We can use the tablib library to import files in various formats to initialize tablib's data objects. As follows:

with open('data.csv', 'r') as fh:
    imported_data = tablib.Dataset().load(fh)
print(imported_data)
Name|Age
----|---
John|28 
Tom |16 
Jane|32 

For table formats, such as csv format, you can also not import the header row, that is, do not use the first row as the header row, as shown below:

with open('data.csv', 'r') as fh:
    # headers=False不导入标题行
    imported_data = tablib.Dataset().load(fh,headers=False)
print(imported_data)
Name|Age
John|28 
Tom |16 
Jane|32 

For xls and xlsx that support multiple tables, the first table is currently opened by default. Please use rb mode. See the next section for multi-table management.

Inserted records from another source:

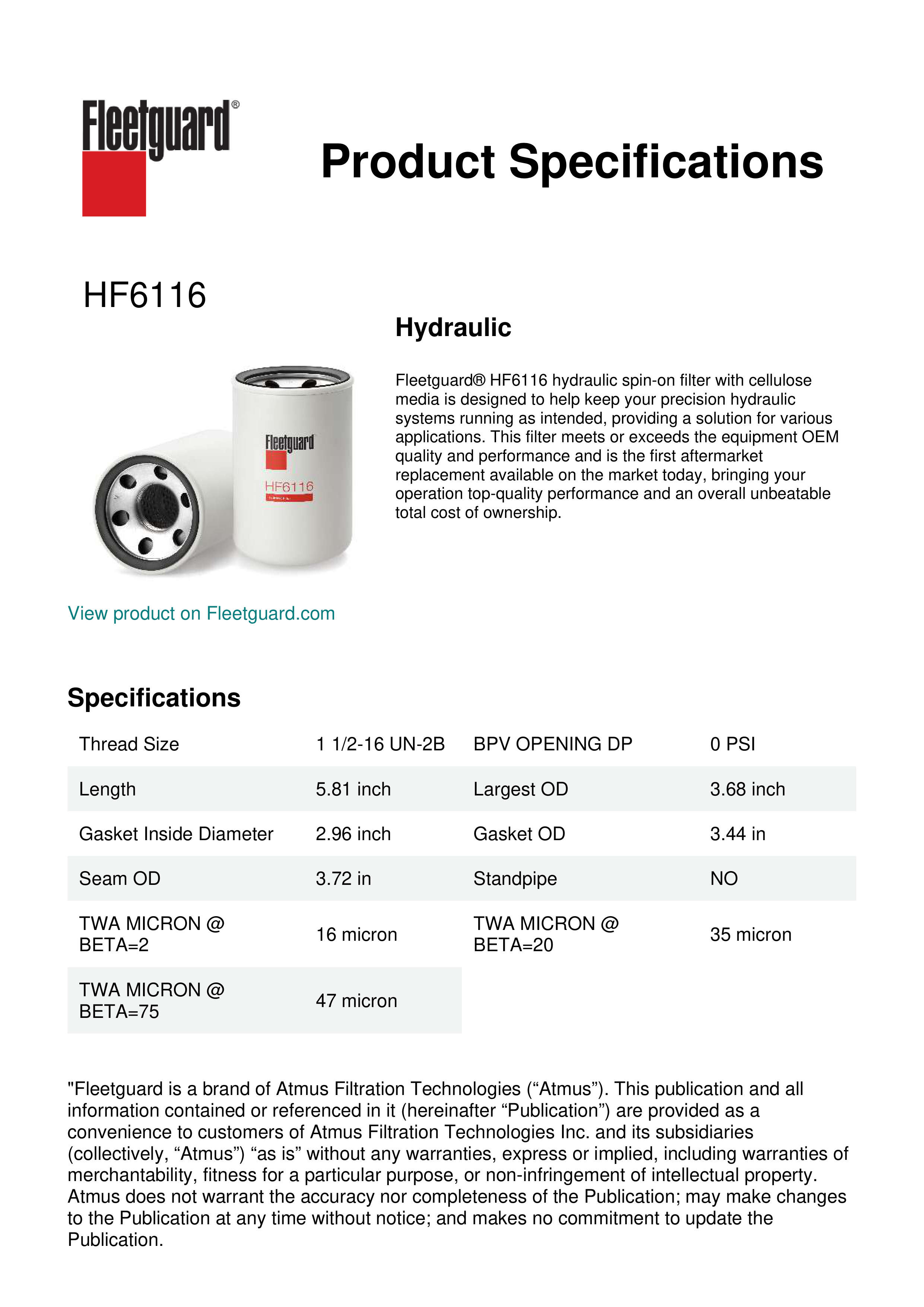 Fleetguard® HF6116 hydraulic spin-on filter with cellulose media is designed to help keep your precision hydraulic systems running as intended, providing a solution for various applications. This filter meets or exceeds the equipment OEM quality and performance and is the first aftermarket replacement available on the market today, bringing your operation top-quality performance and an overall unbeatable total cost of ownership.Specification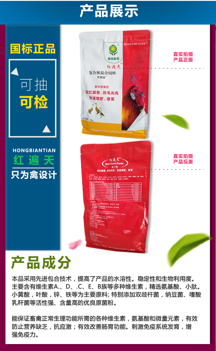 使用7天可見體型改善,明顯增重,羽毛豐盈光澤、雞冠紅亮;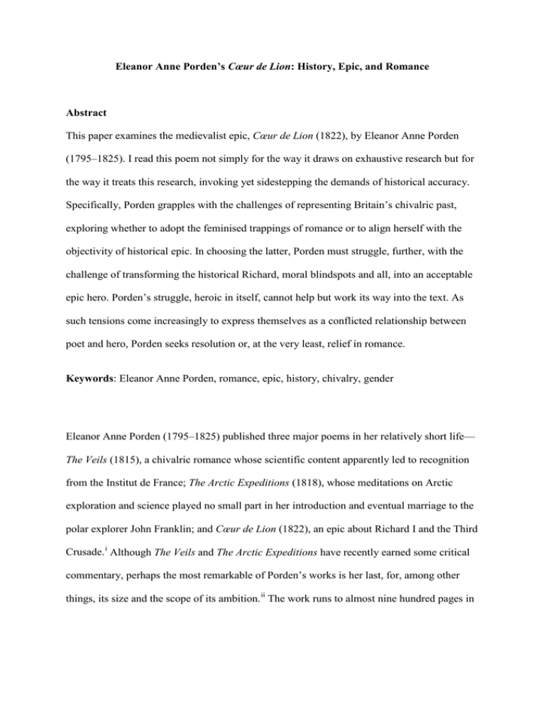 Eleanor Anne Porden’s Cœur de Lion: History, Epic, and Romance Abstract This paper examines the medievalist epic, Cœur de Lion (1822), by Eleanor Anne Porden (1795–1825). I read this poem not simply for the way it draws on exhaustive research but for the way it treats this research, invoking yet sidestepping the demands of historical accuracy. Specifically, Porden grapples with the challenges of representing Britain’s chivalric past, exploring whether to adopt the feminised trappings of romance or to align herself with the objectivity of historical epic. In choosing the latter, Porden must struggle, further, with the challenge of transforming the historical Richard, moral blindspots and all, into an acceptable epic hero. Porden’s struggle, heroic in itself, cannot help but work its way into the text. As such tensions come increasingly to express themselves as a conflicted relationship between poet and hero, Porden seeks resolution or, at the very least, relief in romance. Keywords: Eleanor Anne Porden, romance, epic, history, chivalry, gender Eleanor Anne Porden (1795–1825) published three major poems in her relatively short life— The Veils (1815), a chivalric romance whose scientific content apparently led to recognition from the Institut de France; The Arctic Expeditions (1818), whose meditations on Arctic exploration and science played no small part in her introduction and eventual marriage to the polar explorer John Franklin; and Cœur de Lion (1822), an epic about Richard I and the Third Crusade. i Although The Veils and The Arctic Expeditions have recently earned some critical commentary, perhaps the most remarkable of Porden’s works is her last, for, among other things, its size and the scope of its ambition. ii The work runs to almost nine hundred pages in two volumes, of which the historical notes alone, representing an impressive amount of research, occupy about 150 pages. In this paper, I suggest that Cœur de Lion is significant not simply for the way it draws on such exhaustive research but for its complex treatment of this research. Specifically, Porden grapples, as did so many of her contemporaries, with the vexed question of how best to transform Britain’s chivalric past into literature; Porden’s choice (given that she preferred to work in narrative verse) is ostensibly between epic and romance. This choice is complicated by the gender questions imbricated in the chivalric code and in contemporary interpretations of it: put simply, would Porden adopt the trappings of medieval romance that had, by the end of the eighteenth century, become a peculiarly feminised space offering both advantages and disadvantages for the woman writer, or, would she, disregarding these, produce a martial epic that would offer up Richard to its readers as a national hero? Porden seems to choose the latter, but her dilemma is compounded by the way in which the historiographical record compromises Richard’s heroic credentials. Not only did Porden as historical scholar have to deal with the challenge of conducting her research as a woman, but Porden as epic poet had to curb the moral waywardness of her hero. This authorial effort to transform Richard from historical figure into epic hero finds its way into the text. As the tensions between history and epic come increasingly to present themselves in terms of a lovehate relationship with Richard, Porden inevitably returns to the realm of romance for resolution or, at the very least, relief. I deal first with the poem’s attempts at historical accuracy, signalled both by the archival evidence of Porden’s meticulous research and by the self-consciously historicist statements she makes in the preface to her poem. I then contextualise these within contemporary discussions about the chivalric past to explore Porden’s response to the problematically feminised debates around romance and her privileging of the roles of epic poet and historical scholar. However, as I then suggest, the tensions between historical fidelity and poetic licence, already implicit in the preface, come to the fore in a reading of the poem as epic; indeed, they erupt when the narrative is juxtaposed with its historical notes. Finally, I turn to the poem’s curious inclusion of moments of romance, in which the narrative abandons the historical deeds of Richard to recount the fantastical exploits of the women of the crusade. These provide an opportunity to speculate on the extent to which, for Porden, the image of female heroism, courtesy of romance, reflects the achievement of the woman poet in rewriting history as epic. I Porden’s preface to Cœur de Lion, even as it reminds us that science was her other fascination, shows us how carefully she considered the treatment of history, particularly the challenge of representing the social codes and manners of the past: A blind admiration of the Great of former ages, has been so often ridiculed, that we are now apt to run into an opposite extreme; they are like the fossil plants which we sometimes discover far beneath the surface; we know that our soil and atmosphere would not now support them, yet they once flourished there in appropriate use and beauty. (1: xviii–xix) For Porden, historical representation runs from the extremes of “blind admiration” to something akin to ridicule. In partial response to this dilemma, she pleads the cause for historical accuracy—the keyword here is “appropriate”. In Porden’s analysis, the reconstruction of history has its parallel in the excavations of geology, resembling a kind of archaeology. Yet, even Porden is aware that any (arte)facts presented unmediated to a modern readership face decay and disdain in an unsupportive environment. As we shall see, although she valiantly advocates historical veracity, she must eventually acknowledge and circumvent the risks that it invites. First, it is important to consider the extent of Porden’s commitment to historical a

with open('data.xls', 'rb') as fh:
    imported_data =  tablib.Dataset().load(fh, 'xls')
print(imported_data)

Name|Age 
----|----
John|28.0
Tom |16.0
Jane|32.0

1.3 Multi-table management

In Tablib, Databook is a data structure used to organize and manage multiple data tables (Data Tables). Databook provides a convenient way to operate and process multiple data tables.

Create Databook

# 创建Databook
databook = tablib.Databook()
# 创建第一个数据表
data_table1 = tablib.Dataset()

# 设置数据表的列和数据
data_table1.headers = ['Name', 'Age']
data_table1.append(['John', 25])
data_table1.append(['Alice', 30])
# 设置表名
data_table1.title = "table1"

# 添加数据表到 Databook
databook.add_sheet(data_table1)
# 创建二个数据表
data_table2 = tablib.Dataset()

# 设置数据表的列和数据
data_table2.headers = ['Name', 'Age']
data_table2.append(['Jane', 34])
data_table2.append(['Mike', 14])
# 设置表名
data_table2.title = "table2"

# 添加数据表到 Databook
databook.add_sheet(data_table2)
# 可以利用现有表一次性创建Databoook
tablib.Databook((data_table1, data_table2))
<databook object>

View databook

# 查看子表数量
databook.size
2
# 查看各表
databook.sheets()
[<table1 dataset>, <table2 dataset>]

Get table based on index

for index,table in enumerate(databook.sheets()):
    print(f" \ntable{
      
      index}")
    print(table)
table0
Name |Age
-----|---
John |25 
Alice|30 
 
table1
Name|Age
----|---
Jane|34 
Mike|14 

Save and import

Databook supports saving xlsx and xls files, but importing only supports xlsx files.

# 保存为xlsx文件
with open('databook.xlsx', 'wb') as f:
    f.write(databook.export('xlsx'))
# 多表导入
with open(r'databook.xlsx', 'rb') as fh:
    databook = tablib.Databook().load(fh, 'xlsx')
print(databook.sheets())
[<table1 dataset>, <table2 dataset>]

1.4 Advanced use

dynamic column

Talblib allows you to freely create and manage dynamic columns in data tables. These columns do not need to be defined in advance and can be added, removed, and modified at any time as needed. Set the columns based on a random function as shown below:

# 导入数据
with open('data.csv', 'r') as fh:
    data = tablib.Dataset().load(fh)
print(data)
Name|Age
----|---
John|28 
Tom |16 
Jane|32 
import random

# 随机设置分数
def random_grade(row):
    # 根据传入的行设置不同数据标准
    if int(row[1]) > 30:
        return (random.randint(59,100)/100.0)
    else:
        return (random.randint(60,99)/100.0)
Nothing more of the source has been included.